(Stored items)
*** Begin section ***
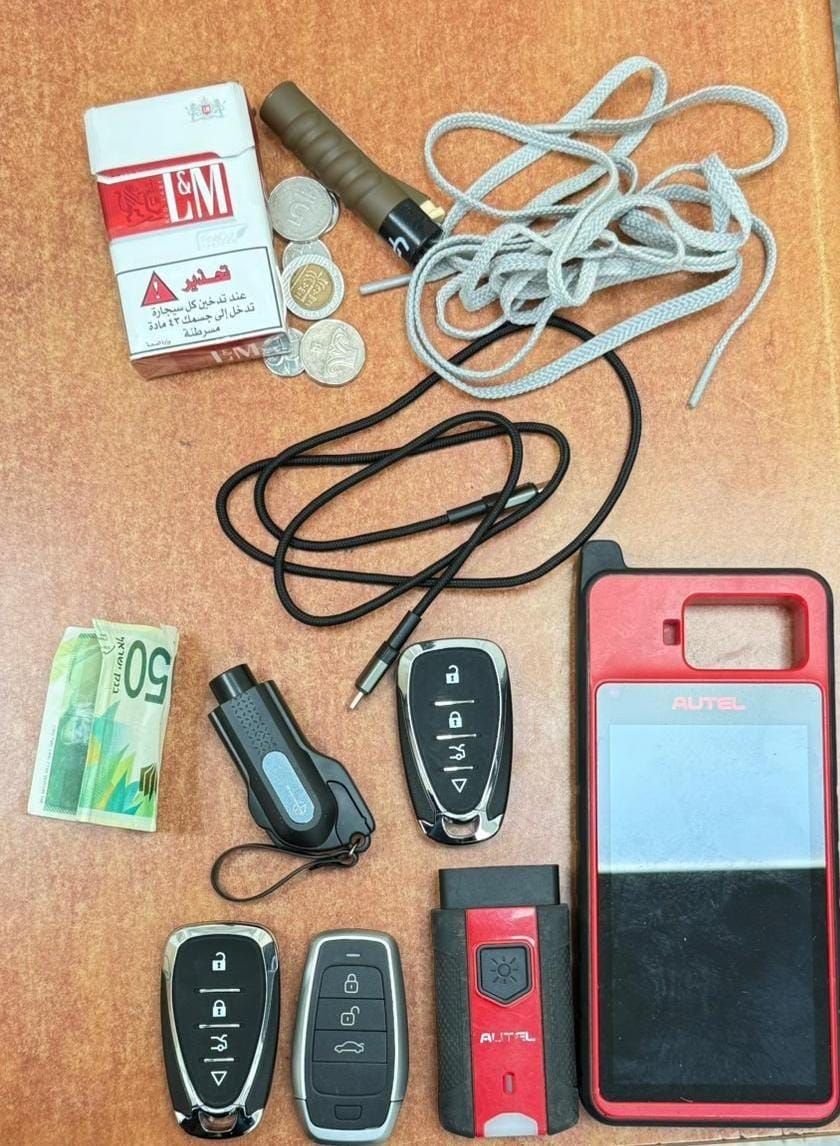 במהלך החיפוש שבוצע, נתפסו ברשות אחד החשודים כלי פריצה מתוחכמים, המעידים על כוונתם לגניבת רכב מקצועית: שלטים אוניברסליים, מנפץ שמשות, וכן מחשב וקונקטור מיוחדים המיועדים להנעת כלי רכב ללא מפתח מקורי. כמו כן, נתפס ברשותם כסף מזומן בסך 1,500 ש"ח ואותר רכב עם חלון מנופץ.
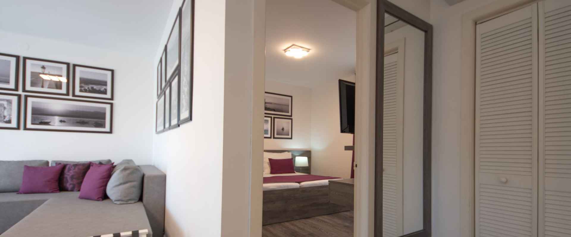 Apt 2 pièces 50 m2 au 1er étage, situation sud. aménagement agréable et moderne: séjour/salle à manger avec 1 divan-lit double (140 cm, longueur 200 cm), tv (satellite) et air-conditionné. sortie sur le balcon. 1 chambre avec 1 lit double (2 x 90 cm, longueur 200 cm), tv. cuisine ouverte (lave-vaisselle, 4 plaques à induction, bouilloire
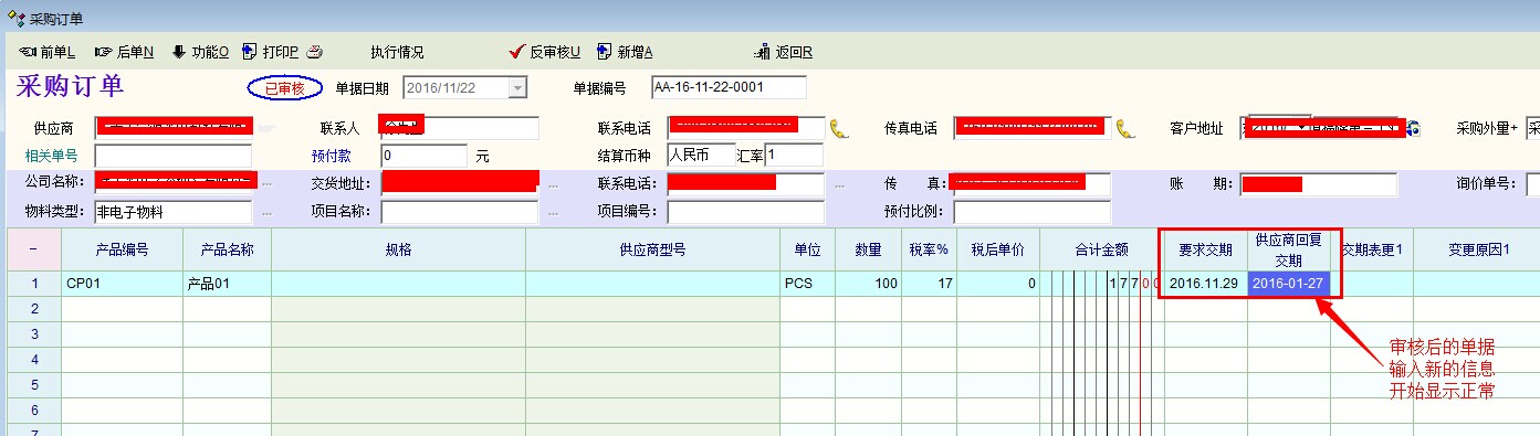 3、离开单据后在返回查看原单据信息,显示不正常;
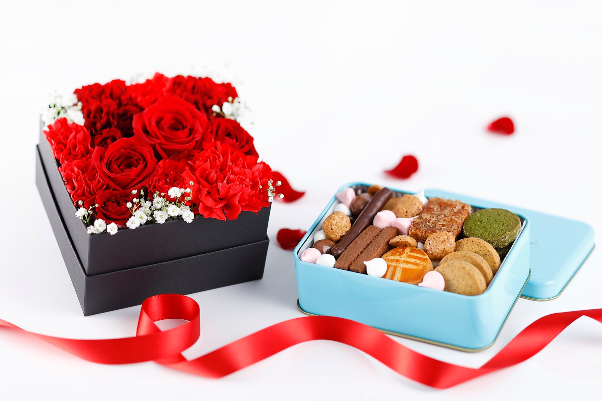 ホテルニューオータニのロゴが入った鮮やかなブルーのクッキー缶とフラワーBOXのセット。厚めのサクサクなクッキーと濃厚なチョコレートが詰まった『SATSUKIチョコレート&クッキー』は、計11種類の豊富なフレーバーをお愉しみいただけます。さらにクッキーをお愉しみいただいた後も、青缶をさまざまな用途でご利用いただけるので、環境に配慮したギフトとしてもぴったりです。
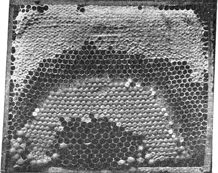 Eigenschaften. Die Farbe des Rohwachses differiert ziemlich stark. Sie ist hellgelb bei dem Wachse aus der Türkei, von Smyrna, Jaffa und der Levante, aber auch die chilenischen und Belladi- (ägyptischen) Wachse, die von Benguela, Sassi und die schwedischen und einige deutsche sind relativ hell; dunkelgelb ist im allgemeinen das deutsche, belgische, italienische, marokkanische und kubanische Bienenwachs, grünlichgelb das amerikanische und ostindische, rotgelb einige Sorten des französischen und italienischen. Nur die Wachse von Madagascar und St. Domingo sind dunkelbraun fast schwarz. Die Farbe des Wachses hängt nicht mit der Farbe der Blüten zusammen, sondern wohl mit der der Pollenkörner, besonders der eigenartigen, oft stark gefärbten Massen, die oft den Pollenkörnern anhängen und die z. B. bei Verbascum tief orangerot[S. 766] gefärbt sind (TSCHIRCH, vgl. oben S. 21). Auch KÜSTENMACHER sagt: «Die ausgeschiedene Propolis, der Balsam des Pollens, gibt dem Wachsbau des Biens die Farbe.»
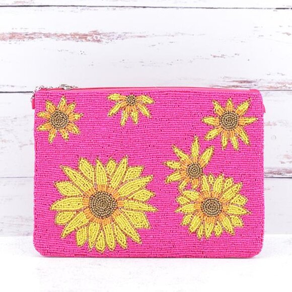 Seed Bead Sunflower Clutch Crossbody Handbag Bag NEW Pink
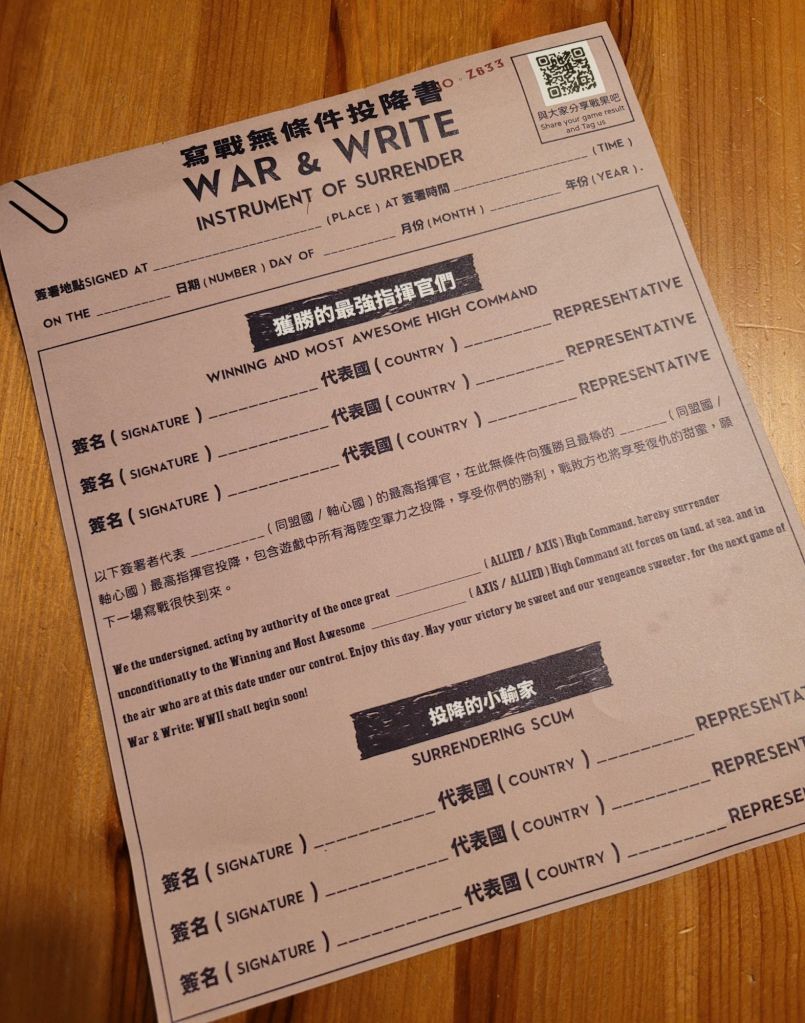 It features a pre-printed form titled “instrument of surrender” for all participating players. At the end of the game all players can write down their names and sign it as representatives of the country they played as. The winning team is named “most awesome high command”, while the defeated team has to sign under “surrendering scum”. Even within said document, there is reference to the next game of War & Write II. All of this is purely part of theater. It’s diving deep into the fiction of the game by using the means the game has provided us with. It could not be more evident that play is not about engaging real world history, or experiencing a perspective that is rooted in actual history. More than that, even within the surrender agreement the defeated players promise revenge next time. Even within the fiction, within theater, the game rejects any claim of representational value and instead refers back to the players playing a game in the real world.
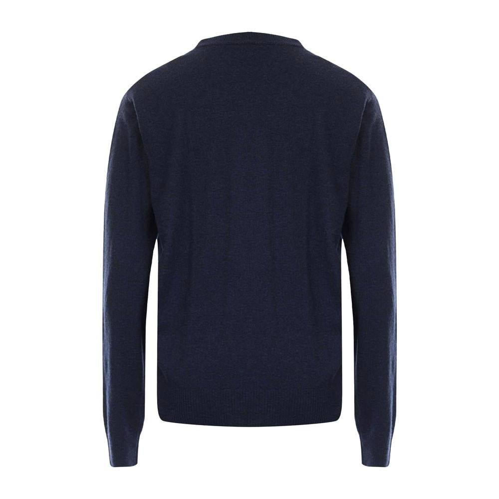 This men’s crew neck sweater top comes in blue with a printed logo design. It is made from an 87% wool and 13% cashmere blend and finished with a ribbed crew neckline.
*** End section ***
What needs to be done:
Would you copy the lines above exactly, starting with the one that has "3、离开单据后在返回查看原单据信息,显示不正常;" and ending with the one that has "ホテルニューオータニのロゴが", both included, without the pictures?

Expected output:
 3、离开单据后在返回查看原单据信息,显示不正常;
 ホテルニューオータニのロゴが入った鮮やかなブルーのクッキー缶とフラワーBOXのセット。厚めのサクサクなクッキーと濃厚なチョコレートが詰まった『SATSUKIチョコレート&クッキー』は、計11種類の豊富なフレーバーをお愉しみいただけます。さらにクッキーをお愉しみいただいた後も、青缶をさまざまな用途でご利用いただけるので、環境に配慮したギフトとしてもぴったりです。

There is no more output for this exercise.